Instances Where Taking a Commercial Real Estate Investing Loss Makes Sense
If real estate investors and property owners were honest, some would admit they erred when making certain purchases. Yet many of these groups and individuals refuse to sell such “mistake” properties. It makes sense to sell these “losers” yet few property owners are willing to take a loss. Therefore, they hold on with hope that the local market will rebound and the property price will bump in unison. The truth is there are several instances when selling a losing property makes sense.
The Property Requires too Much Capital
If the only way to boost a property’s value is to invest considerable amounts of capital, it makes sense to sell. This is especially true when the additions can’t be billed to tenants. Perhaps the lease does not permit such billing to the tenant. Maybe it is not realistic to pass on the bill for such massive expenses. Whether the cost is a major parking lot renovation, improvements to the facade, massive painting projects or anything else of significance, it does not make sense to invest the enormous amount of money necessary if you bear the entire cost.

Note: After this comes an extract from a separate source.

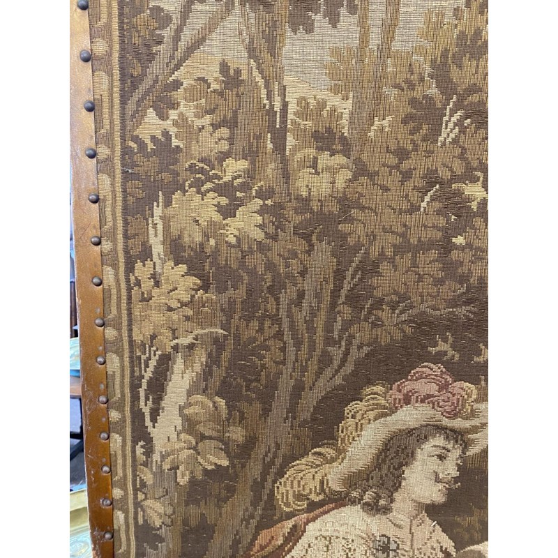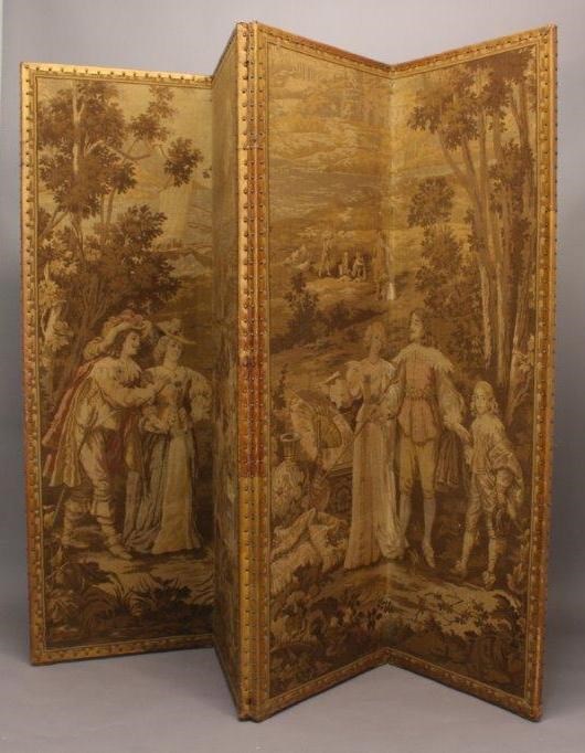 A LARGE FOUR FOLD TAPESTRY COVERED SCREEN.

The sensible commercial real estate investing solution is to sell, take the loss and move on to another investment that does not mandate such a gigantic capital outlay.
Consider the Risk Versus the Reward
A property purchased in an environment with record low cap rates and a fantastic economy should hold its value in most instances. If it loses value in such a favorable environment, the odds of it jumping back up in value are quite low. In fact, the property will likely stagnate or decrease in value as the economy cools off. It is prudent to sell such a property and reinvest the proceeds in a superior property that is more likely to increase in value.
Possible Tax Benefits
True commercial real estate investing experts understand the nuances of tax laws. Taking a loss on one property could offset losses on a separate investment. This loss might prove to be especially valuable in one year versus another year. Do not hesitate to reach out to your tax adviser to discuss this complex accounting matter. You might find that selling your “losing” property below what you paid proves valuable to off-set another property’s gain. Do not feel ashamed or regretful of pulling the trigger on such a sale. Adopt a long-term view and come to the terms with the fact that some properties will be winners and others will be losers.
Prevent an Even Greater Loss by Admitting That Mistakes Happen
Do not let your ego get in the way of a property sale. Recognize that it is acceptable to make a mistake. Selling a property for less than what you originally paid is certainly an admission of a mistake. However, selling the property now could prevent an even greater loss. Keep your ego in check, admit that losing money on real estate is a reality of the business and move on. It just might save you a pile of money in the long run.